There is a way to prevent so many teenage girls being depressed – but no one wants to admit it

Pity the girl who’s wearing a bra before she leaves primary school; already she’s ventured over the top, into a no man’s land of groping, cat calls and adult disapproval

Photo: One in four teenage girls is depressed, a new report says – compared to one in 10 boys. Rex 

 

 

 

 

Being a teenage girl is hard, by which I don’t mean your hormones render you an irrational, weeping mess. I mean the world can start to crush you, just at the point when you’re trying to grow. What’s more, it’s a problem that seems to be getting worse.

There will of course be the usual excuses. Perhaps it’s all down to greater openness surrounding mental health issues.
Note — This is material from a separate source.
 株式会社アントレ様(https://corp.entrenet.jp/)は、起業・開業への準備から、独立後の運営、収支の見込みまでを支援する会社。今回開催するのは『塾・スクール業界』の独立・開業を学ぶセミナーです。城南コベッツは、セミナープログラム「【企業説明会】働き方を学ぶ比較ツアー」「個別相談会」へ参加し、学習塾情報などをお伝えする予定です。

Or maybe it’s a symptom of what one might vaguely term “modern life”. Either way, neither of these things explain the growing gap between the mental health of teenage boys and girls (10 per cent of 14-year-old boys report experiencing depression, with parents overestimating symptoms in boys and underestimating them in girls).
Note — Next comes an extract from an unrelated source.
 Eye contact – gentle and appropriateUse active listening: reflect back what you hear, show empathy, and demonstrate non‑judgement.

If, as we’re so often told, we’re moving towards a more equal, gender-neutral society, why is it that girls are suffering so much? The sexist might argue that this is proof that equality does not make women happy. The feminist, on the other hand, might point out that this shows we don’t yet have equality at all.
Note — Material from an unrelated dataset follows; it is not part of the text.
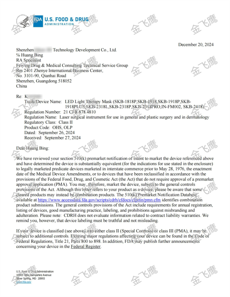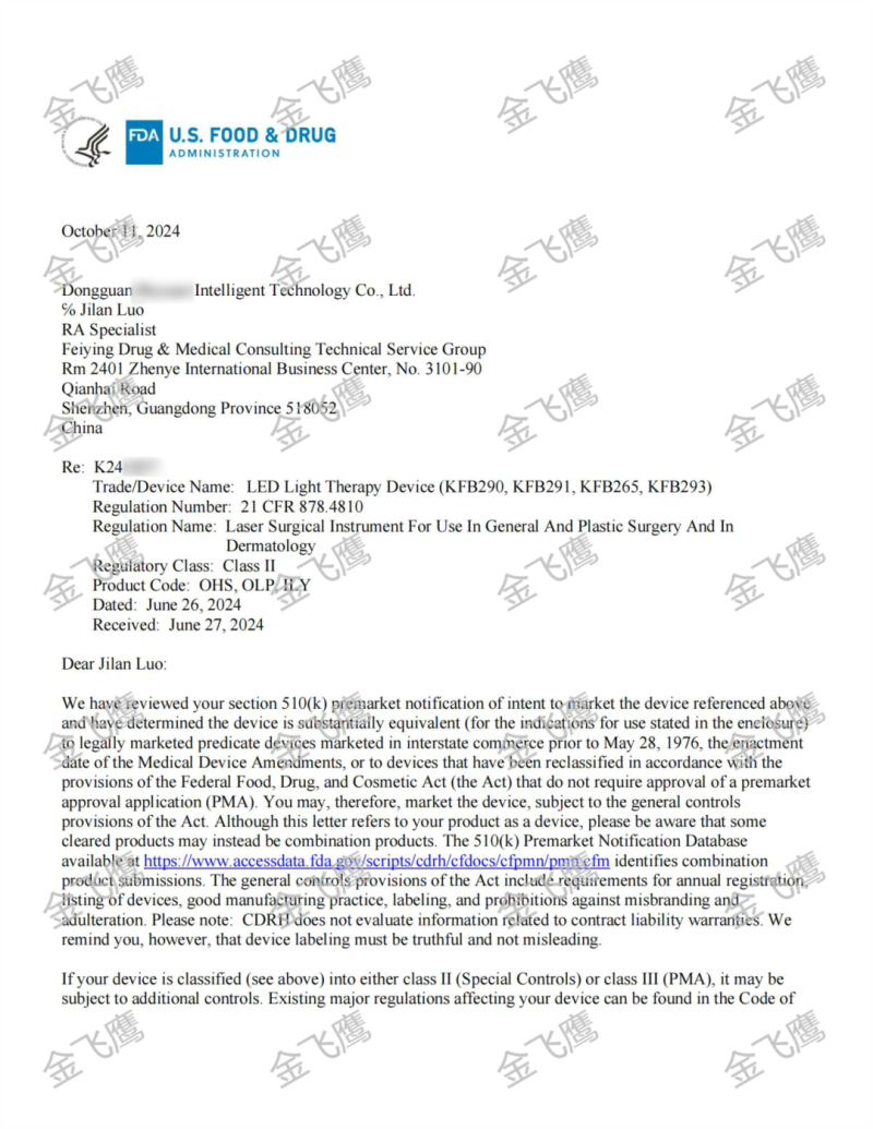 捷報頻傳丨金飛鷹成功輔導企業(yè)獲批紅藍光面罩510(k)

If girls say they are depressed, we owe it to them to listen. Furthermore, we can no longer afford to ignore the effect of a highly gendered culture on the mental wellbeing of girls. If we’re able to draw links between masculinity and high suicide rates in men, we can surely do the same with femininity and female despair.

If the past is another country, female adolescence is a war zone. Puberty transforms you into a walking target overnight. If you’re lucky, other girls get there before you and become your shields. Pity the girl who’s wearing a bra before she leaves primary school; already she’s ventured over the top, into a no man’s land of groping, cat calls and adult disapproval.

Girls need support in getting through this. They need coping methods. But they also need a different society, one which permits them to take up space, to express their fears and passions rather than internalise them. It should not be the role of mental health services to patch girls up and arm them to face another onslaught of patriarchal slings and arrows. There has to be a ceasefire. Girls shouldn’t have to be so brave.

Teenage girls are not weak. They’re on their way to becoming full-grown women in a world that still treats them as inferior, despite demanding more of their bodies and minds than ever. It’s heartbreaking that so many of them can’t see a way through to the other side. We can tell them it gets better, and it does, but it’s simply not fair to ask them to wait.

Being shunted into the space between childhood and womanhood, between having a flat-chested, gender neutral, rough-and-tumble body and one which is seen as fit only for objectification or impregnation, can be hugely traumatising. Thirty years ago I responded by starving myself into a prolonged state of pre-pubescence. Today, when pornified images of young female bodies are more freely available than ever, I might have responded by cutting, binding my breasts or reinventing myself as a disembodied other online.

The opportunities for expressing female self-hatred are always expanding, even as other spaces for self-expression shrink. And yet, it’s not an inevitable development: some unavoidable symptom of living in the smartphone age.

Millions of girls are not born unhappy. Depression and mental illness can be coping mechanisms when all else fails. There’s no simple cure for despair, but it’s time we gave all young women the room they need to grow.